Sep. 13, Thu.—Today we started dragging (some call if
floating) the orchard, pulling behind the tractor three joined
together 10’ wide steel blades akin to railroad rails. These cut
the grasses lose, shave it into smaller pieces, and level the soil by
causing it to roll or “boil” up into rolling mounds which then
redistribute as you go down the ¼-mile rows. Of course, after the
1st two or three passes, the orchard looks worse then when you started
as huge clumps of grass break off to the side, cluttering up the orchard
floor. However, after another half-dozen passes, things are ground
up, all cracks are filled in, and the mineral soil forms most of the
surface as the grass particles are tiny.
Sep. 14, Fri. to Sep. 17, Mon.—Television has really been
saturated for a week with the terrorist attacks on New York, but
it’s now starting to return to normal as the soap operas resumed their
schedule today! The stock marked reopened with a 6%+ loss overall,
the largest Dow Jones absolute drop in US history. We bought some
shares of Oracle at a low point and it finished up a quarter
point. Volume was over 2 billion on the
New York Exchange; similarly for the Nasdaq.

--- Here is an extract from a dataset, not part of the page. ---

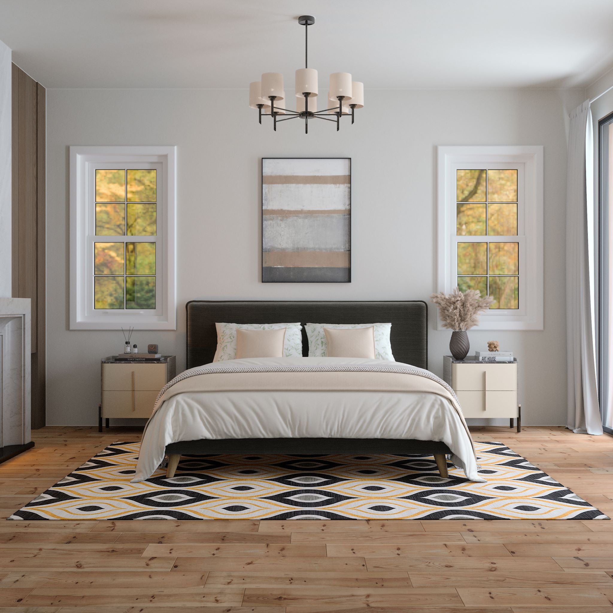 When selecting the perfect rug size, consider the size of your bed as a key factor. A large area rug placed under the bed often serves as the room’s focal point. Alternatively, a smaller rug beside the bed adds a nice accent and provides a cozy spot for your feet.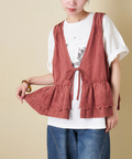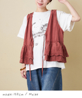 【春新作】Wornique (ウォニーク) ピグメント加工刺繍×花柄レイヤードリボンベスト

I sprayed Ethephon on the Tulares today as we harvest them in two weeks.
Sep. 18, Tue.—We spent the
weekend in Palo Alto at Tony and Michelle’s newly rented home.
Kevin and his Brazilian friend Veronica joined us Saturday evening for a
superb meal including Michelle’s Potato/Garlic soup, Kevin’s special
salad dressing on lettuce, and Tony’s grilled butterflied leg of lamb
with grilled asparagus. Yum, yum! The trip was 120 miles one
way, so we went the 680/580/San Mateo bridge route going, spent the
night on their very comfortable king-size bed and returned via Sand Hill
Road and 280 and the North end of the Bay to 80 and 505 and then 16.
Sprayed Tulares today!
Sep. 19, Wed.—Our tenant, Joe
Muller & Sons, who row crop farms our northernmost 10 acres,
found out via my phone call that his workers laid irrigation pipe too
close to our Tulare walnuts. Water would have made the harvest
impossible. Thus he told them to move the quarter-mile of pipe 15’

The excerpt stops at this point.